▶ **EXERCISE AIM**
The answer should be the exact lines from the line containing "التفاصيل ورابط التقديم." through the last line of the material below, with no pictures.
(INFORMATION SUPPLIED Opens)
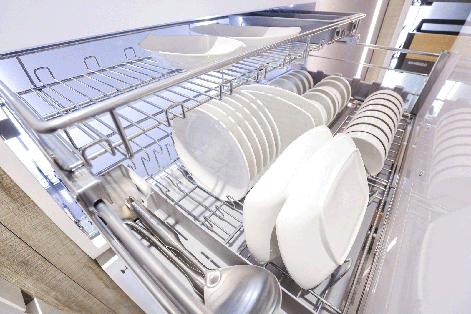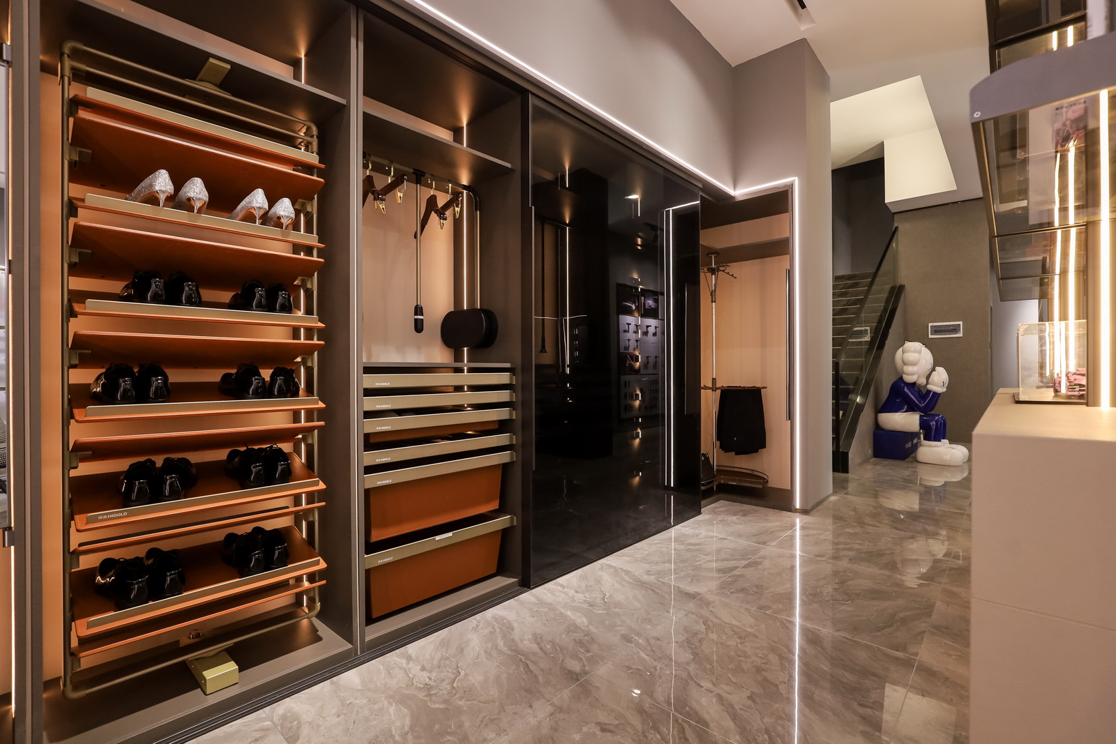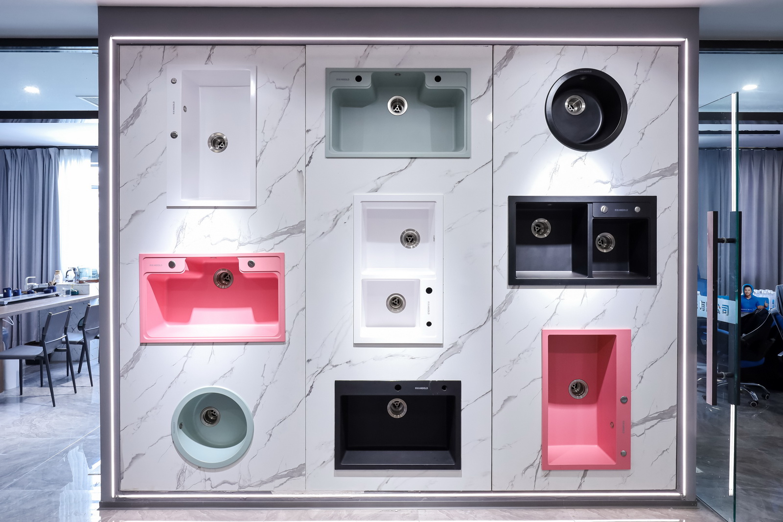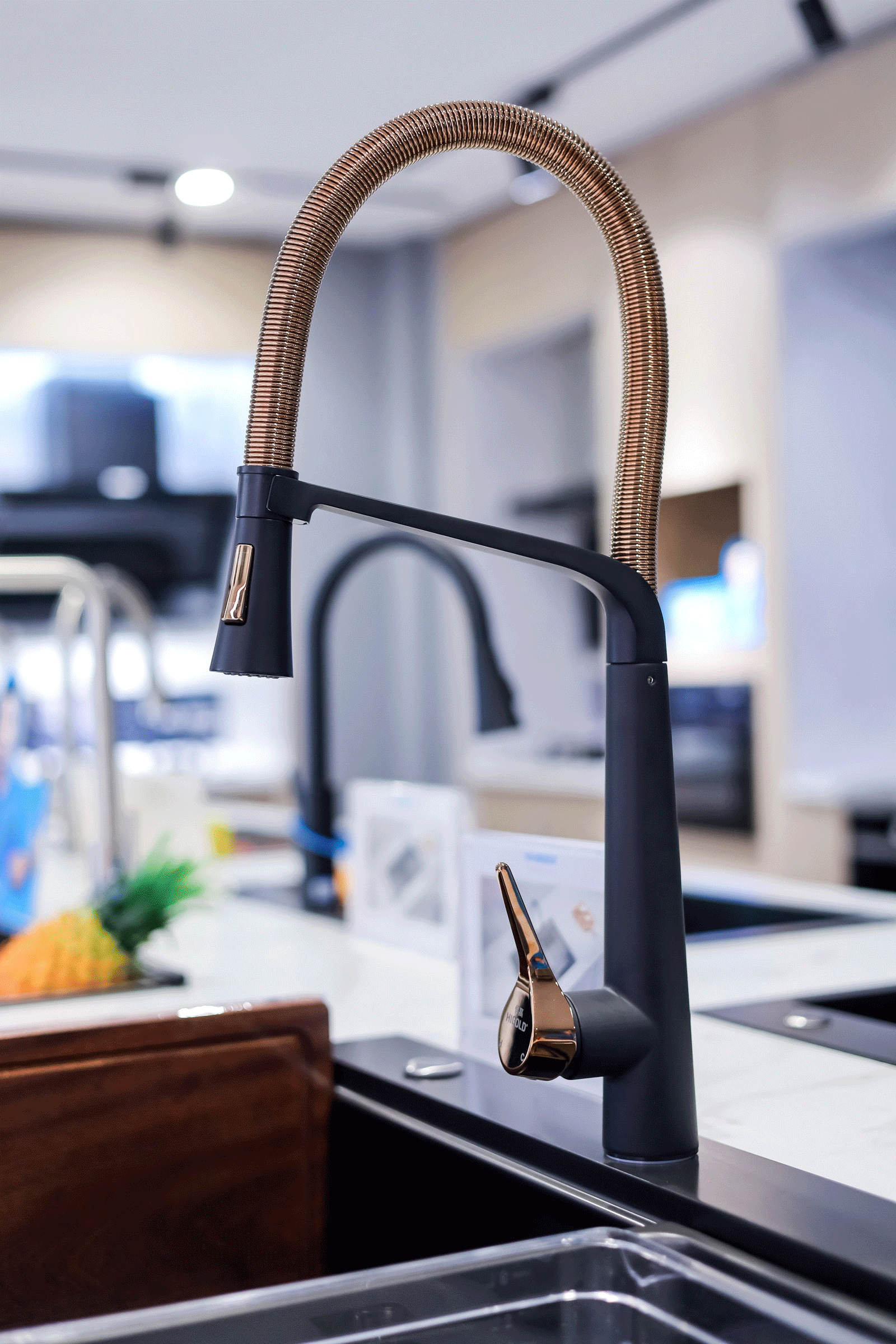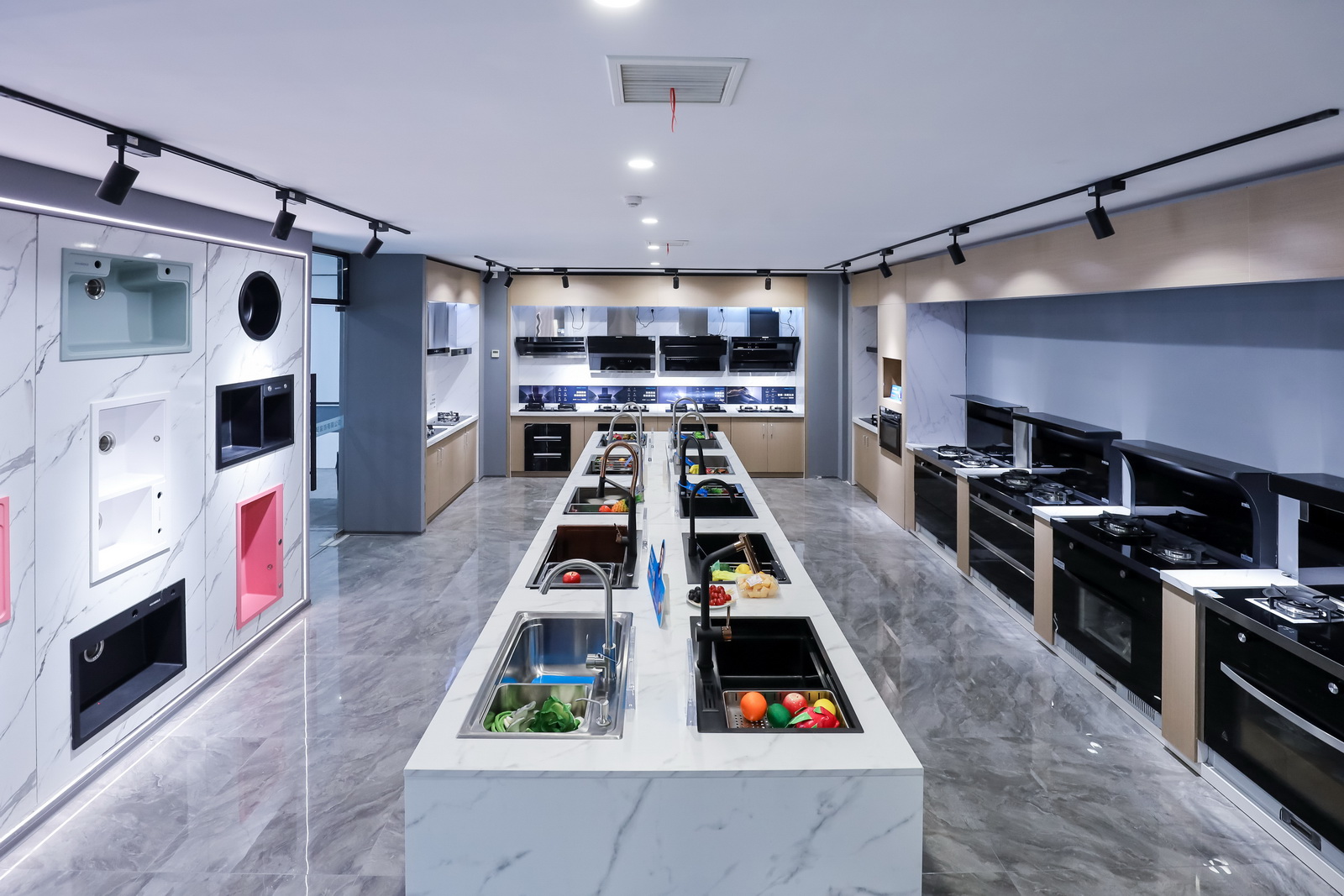 悍高武汉博美旗舰店展厅总面积近600平方米,分为上下两层。展厅一层陈列的是悍高厨房功能五金、衣柜功能五金、基础五金和装饰五金,展现了一站式功能五金产品,为每个客户提供了多种风格的功能五金体验,以满足不同的个性需求;二层是水槽龙头和智能厨电展示区,明晰的区域设计,展示了水槽、龙头、集成厨电等品类,为消费者提供了丰富、便捷的选购方式。
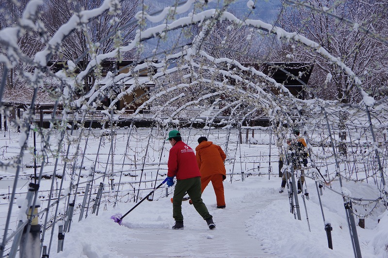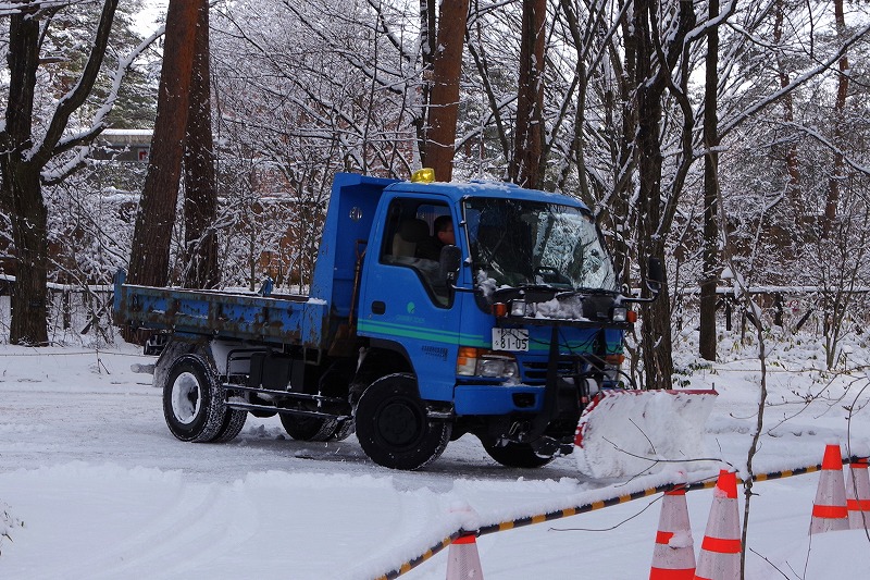 雪が降れば、お馴染みの除雪トラックやホイールローダーでの除雪作業。開園に間に合わせるように走ります。雪を掻く「ザー」という音が公園内に響きます。
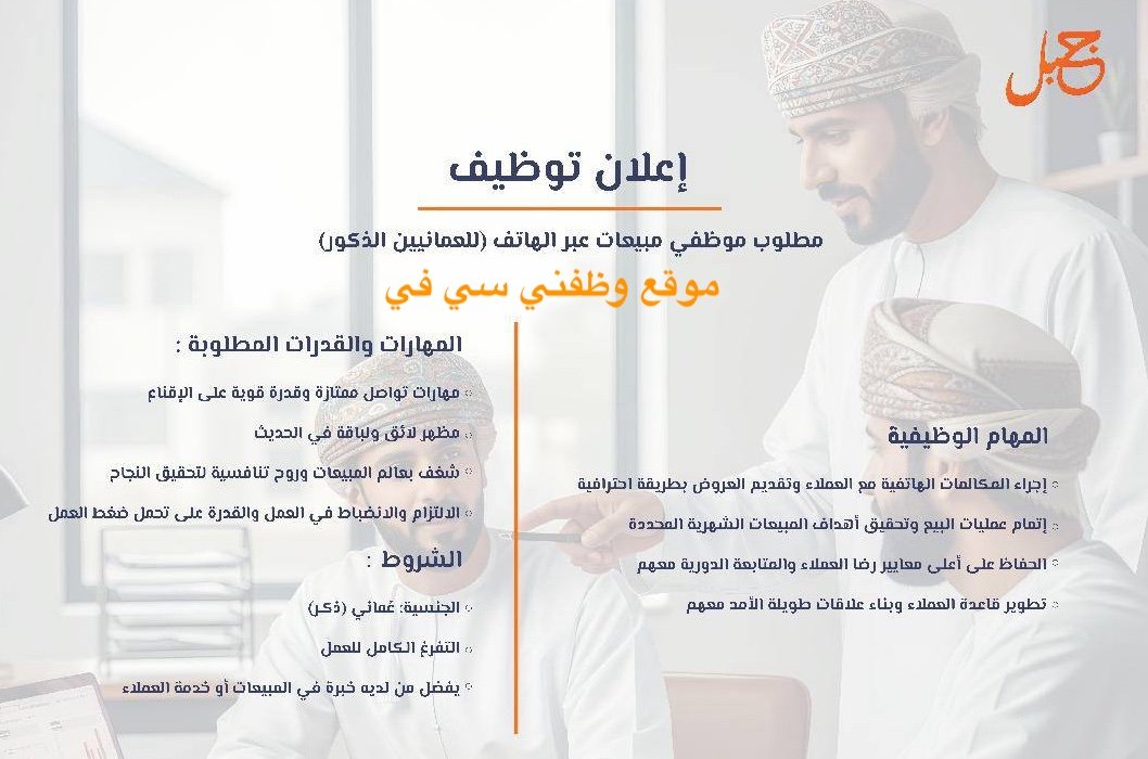 تعلن شركة “جبل” عن توفر وظائف كول سنتر في قسم المبيعات، حيث تبحث عن موظفي مبيعات عبر الهاتف خبرة وبدون خبرة وتعتبر هذه فرصة ممتازة للشباب العماني الطموح الذي يمتلك شغفاً بعالم المبيعات للانضمام إلى فريق عمل تنافسي برواتب متوقعة تتراوح من ٣٥٠ الي ٥٠٠ ريال (غير مذكورة بالاعلان) وونشر التفاصيل ورابط التقديم.
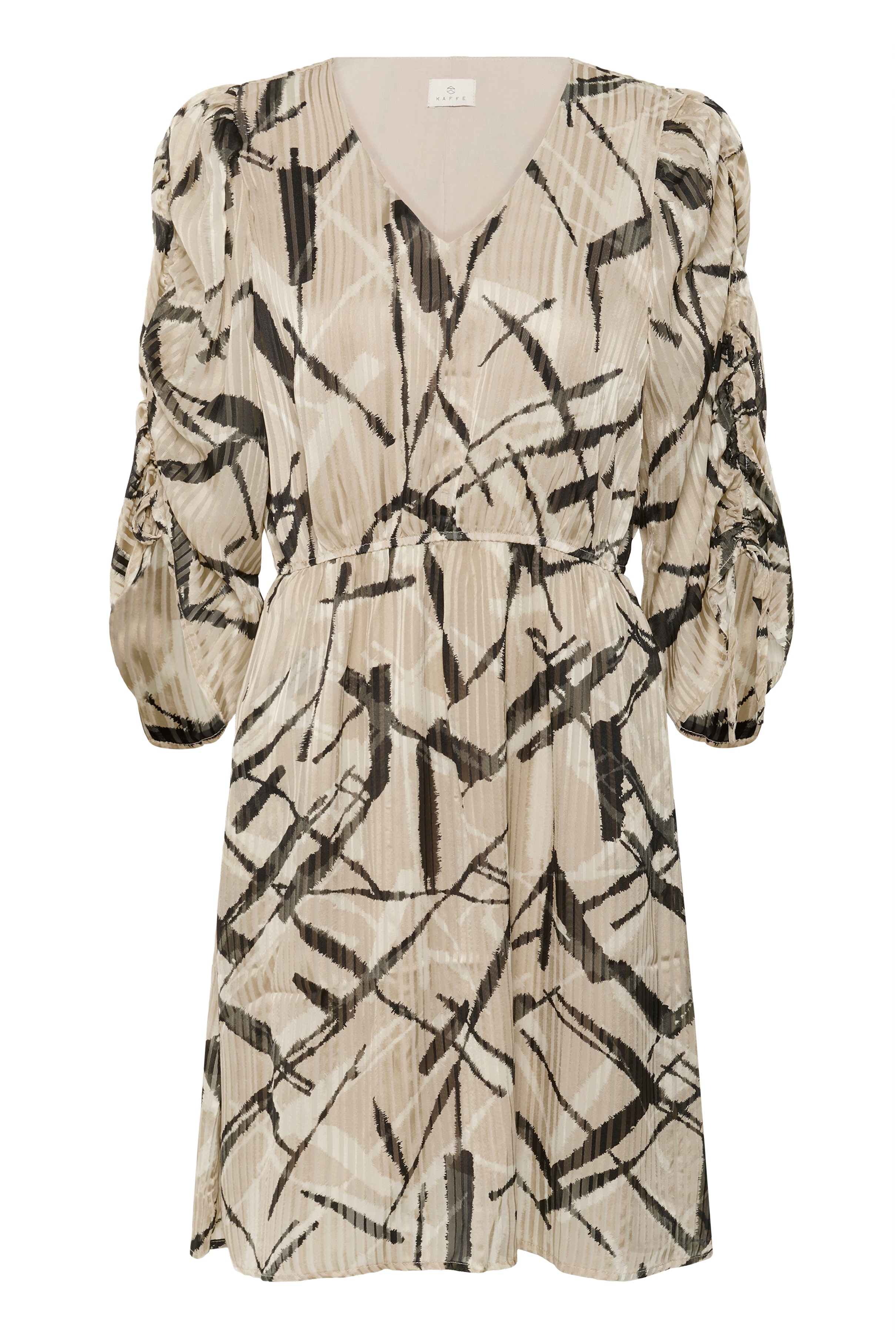 Knælængde kjole med moderne abstrakt mønster, V-udskæring, voluminøse trekvartærmer og blød plisseret struktur. Let udsvinget silhuet og rynkede ærmedetaljer giver et nutidigt udtryk.
(INFORMATION SUPPLIED Closes)
▶ **OUTPUT OF THE TASK**
 تعلن شركة “جبل” عن توفر وظائف كول سنتر في قسم المبيعات، حيث تبحث عن موظفي مبيعات عبر الهاتف خبرة وبدون خبرة وتعتبر هذه فرصة ممتازة للشباب العماني الطموح الذي يمتلك شغفاً بعالم المبيعات للانضمام إلى فريق عمل تنافسي برواتب متوقعة تتراوح من ٣٥٠ الي ٥٠٠ ريال (غير مذكورة بالاعلان) وونشر التفاصيل ورابط التقديم.
 Knælængde kjole med moderne abstrakt mønster, V-udskæring, voluminøse trekvartærmer og blød plisseret struktur. Let udsvinget silhuet og rynkede ærmedetaljer giver et nutidigt udtryk.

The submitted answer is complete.